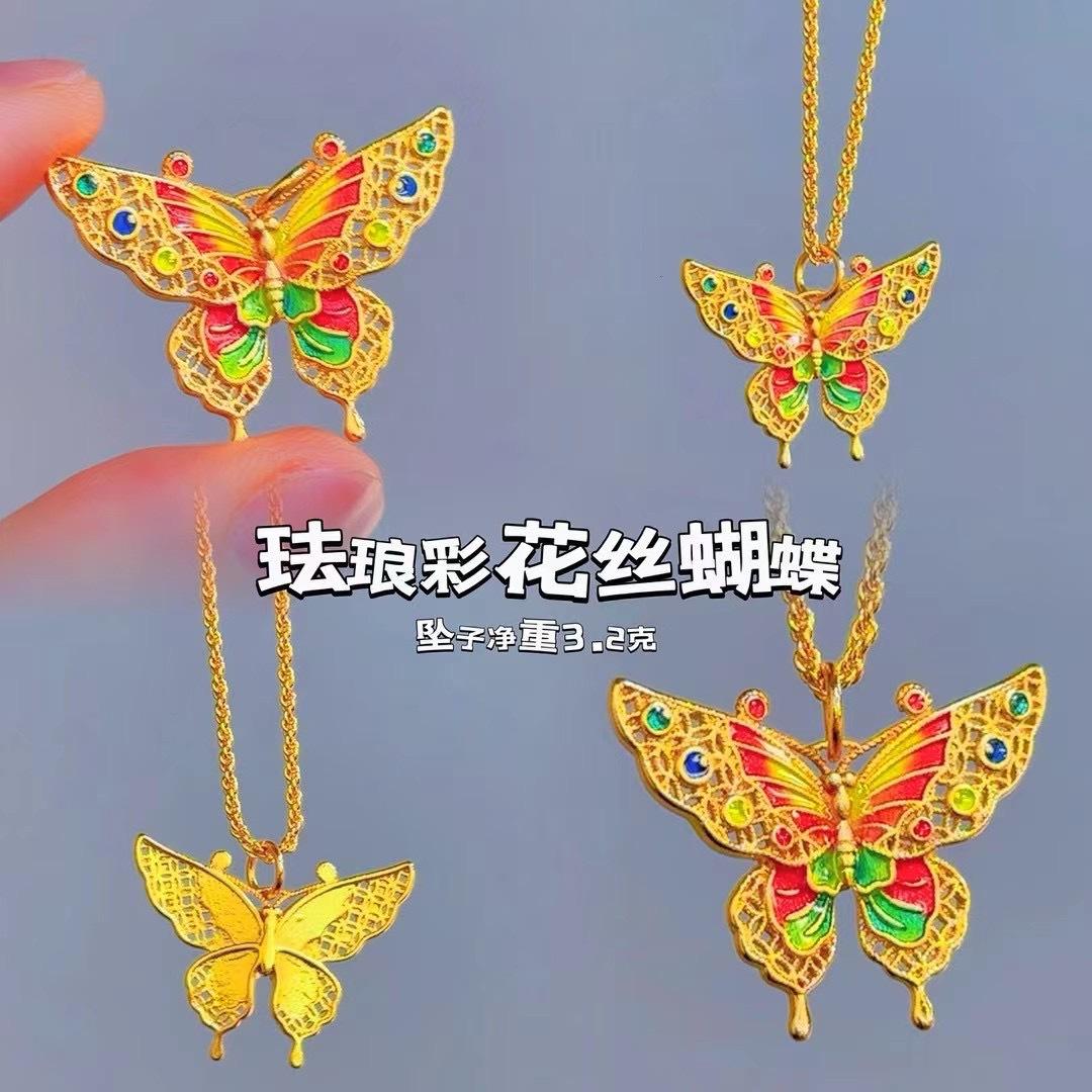 Colgante de mariposa de seda esmaltada estilo palacio para mujer, chapado en oro, temperamento Han, ropa con colgante, suministro de joyería al por mayor
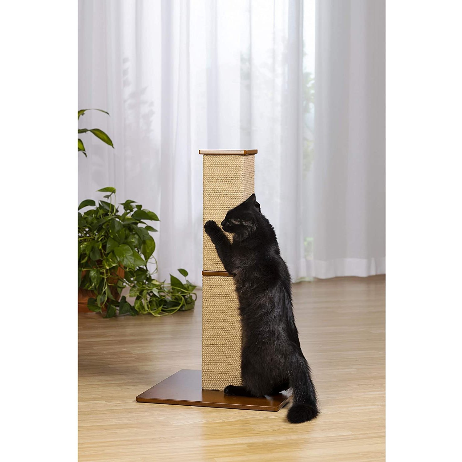 Prevue Pet Gemini Tall Square Scratching Post provides a dedicated place for scratching and stretching, alleviating destructive behavior to household objects. At 32" tall your cat gets a full vertical stretch and healthy exercise while keeping nails groomed and paws strong. Handsomely finished base, post divider and cap provide a furniture feel to complement the durable jute wrapped post and integrate with your room décor. One unique feature of the Gemini is the two-piece post. Top and bottom pieces are identical and interchangeable, this exclusive design means as one half gets worn, you simply disassemble the unit, swap positions of the worn post with the lesser worn post and reassemble. You’ll get twice the life out of your scratching post! Our Gemini Tall Square Scratcher assembles easily with included hardware and will last for years to come. Sturdy base measures 19’’ by 19’’ square, post measures 5 ½’’ on each side, with a total of height of 32’’ for a full power workout.
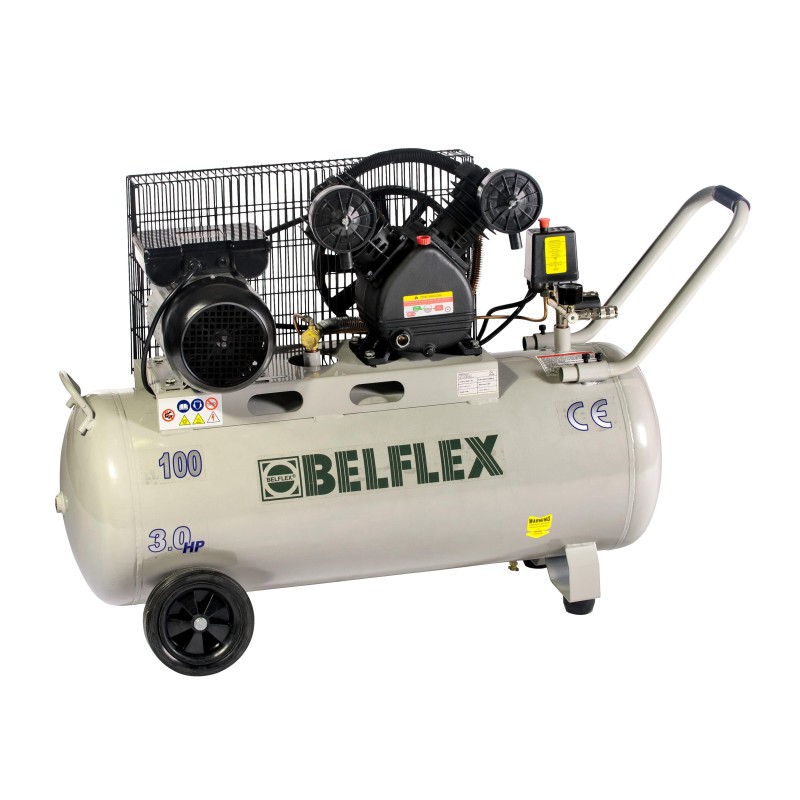 Belt transmission compressors. Optimum heat dispersion. High performance suction filter. Integrated belt guard. With wheels.
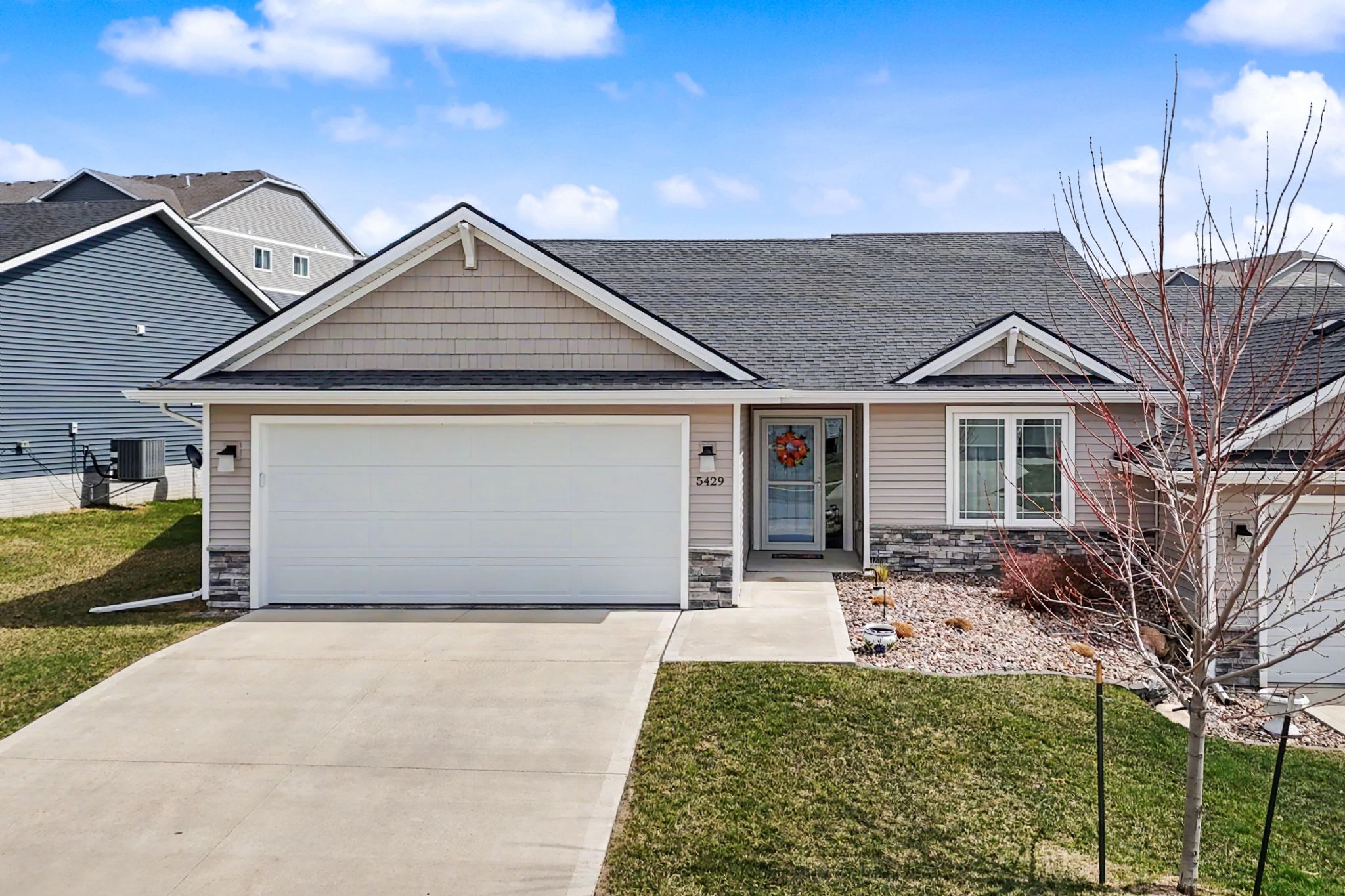 Step into effortless living with this beautifully designed zero-entry ranch townhome, ideally located in the heart of Ankeny. From the moment you arrive, you’ll be captivated by the lush, irrigated lawn, meticulously maintained landscaping, and the warm welcome of a covered front porch. Inside, you’re greeted by stunning Luxury Vinyl Plank (LVP) flooring that seamlessly guides you into a bright, open-concept living space. The expansive main area combines the living room, dining space, and kitchen under a soaring vaulted ceiling, creating an airy, inviting atmosphere that’s perfect for both entertaining and everyday living. The living room offers plush carpeting, a cozy electric fireplace, and plenty of windows that flood the space with natural light. Just steps away, the dining area comfortably accommodates gatherings of family and friends and opens to a private concrete patio—ideal for grilling and outdoor enjoyment. Prepare to be wowed by the kitchen, thoughtfully designed with sleek LVP flooring, elegant quartz countertops, a beautifully coordinated tile backsplash, and a center island with breakfast bar seating. The stainless steel appliances are all included, making this space as functional as it is stylish. The primary suite is a true retreat, featuring soft carpeting, a tray ceiling, a walk-in closet, and a luxurious en-suite bath complete with dual sinks, a quartz vanity, and a step-in shower. A second bedroom, additional full bath, and convenient main-level laundry (with washer and dryer included) add to the home’s practical appeal. Additional highlights include ceiling fans in both bedrooms and the living room, all window treatments included, and direct access to an oversized two-car garage with built-in shelving—perfect for storage and organization. Enjoy truly low-maintenance living with exterior upkeep handled by the management company, including lawn care, landscaping, and snow removal—giving you more time to enjoy the things you love. Homes like this don’t stay on the market long—schedule your private showing today and experience the perfect blend of comfort, style, and convenience!
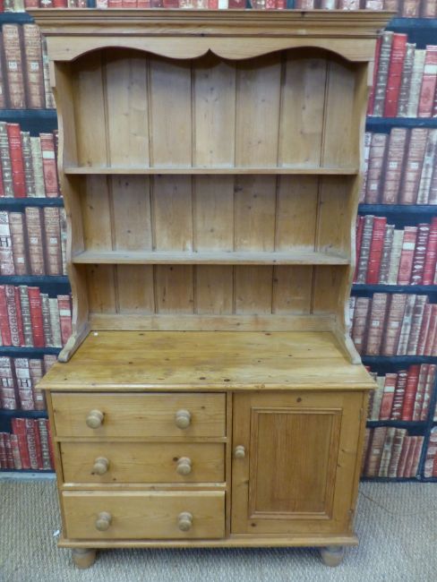 A small pine dresser with three drawers and a single cupboard (H192xW106xD46cm)
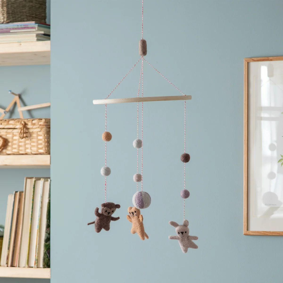 Das Filzmobile des dänischen Herstellers Sebra ist mit seinen niedlichen Figuren ein Must-Have in jedem Kinderzimmer. An einem Holzring sind hübsche Filzfiguren und kleine Kugeln befestigt, die teilweise leicht schief hängen, sodass das Kind die Figuren aus jeglichen Winkeln wunderbar betrachten kann.
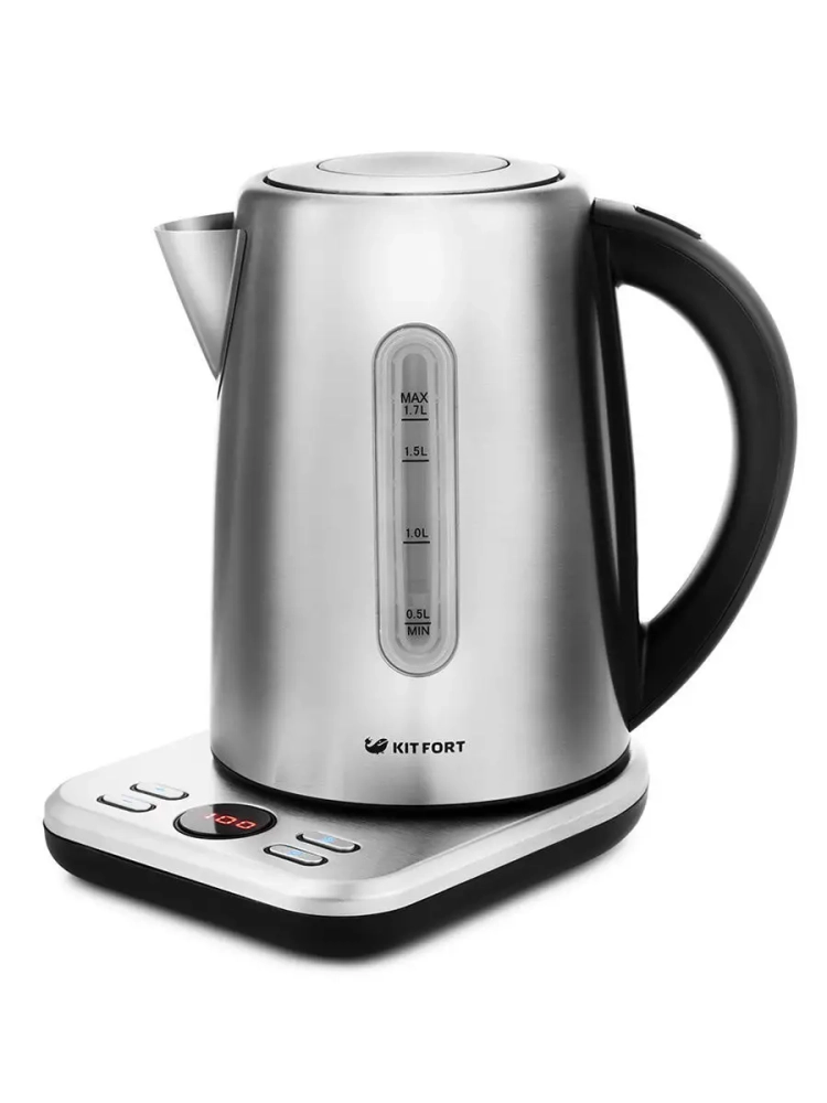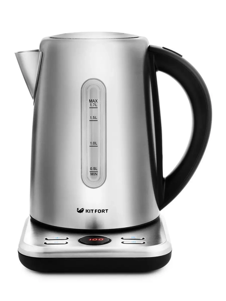 Электрический чайник с электронным терморегулятором Kitfort КТ-661 может не только вскипятить воду, но и нагреть ее до температуры 60, 70, 80 и 90 °С, что очень удобно при заваривании различных сортов чая. Чайник также оснащен функцией поддержания температуры. Температура воды контролируется встроенным в дно чайника термодатчиком.

....................

• WHAT THE TASK REQUIRES: Everything from the line containing "Das Filzmobile des" through the end of the data should be printed exactly, line for line, except the pictures.

• RESULT:
 Das Filzmobile des dänischen Herstellers Sebra ist mit seinen niedlichen Figuren ein Must-Have in jedem Kinderzimmer. An einem Holzring sind hübsche Filzfiguren und kleine Kugeln befestigt, die teilweise leicht schief hängen, sodass das Kind die Figuren aus jeglichen Winkeln wunderbar betrachten kann.
 Электрический чайник с электронным терморегулятором Kitfort КТ-661 может не только вскипятить воду, но и нагреть ее до температуры 60, 70, 80 и 90 °С, что очень удобно при заваривании различных сортов чая. Чайник также оснащен функцией поддержания температуры. Температура воды контролируется встроенным в дно чайника термодатчиком.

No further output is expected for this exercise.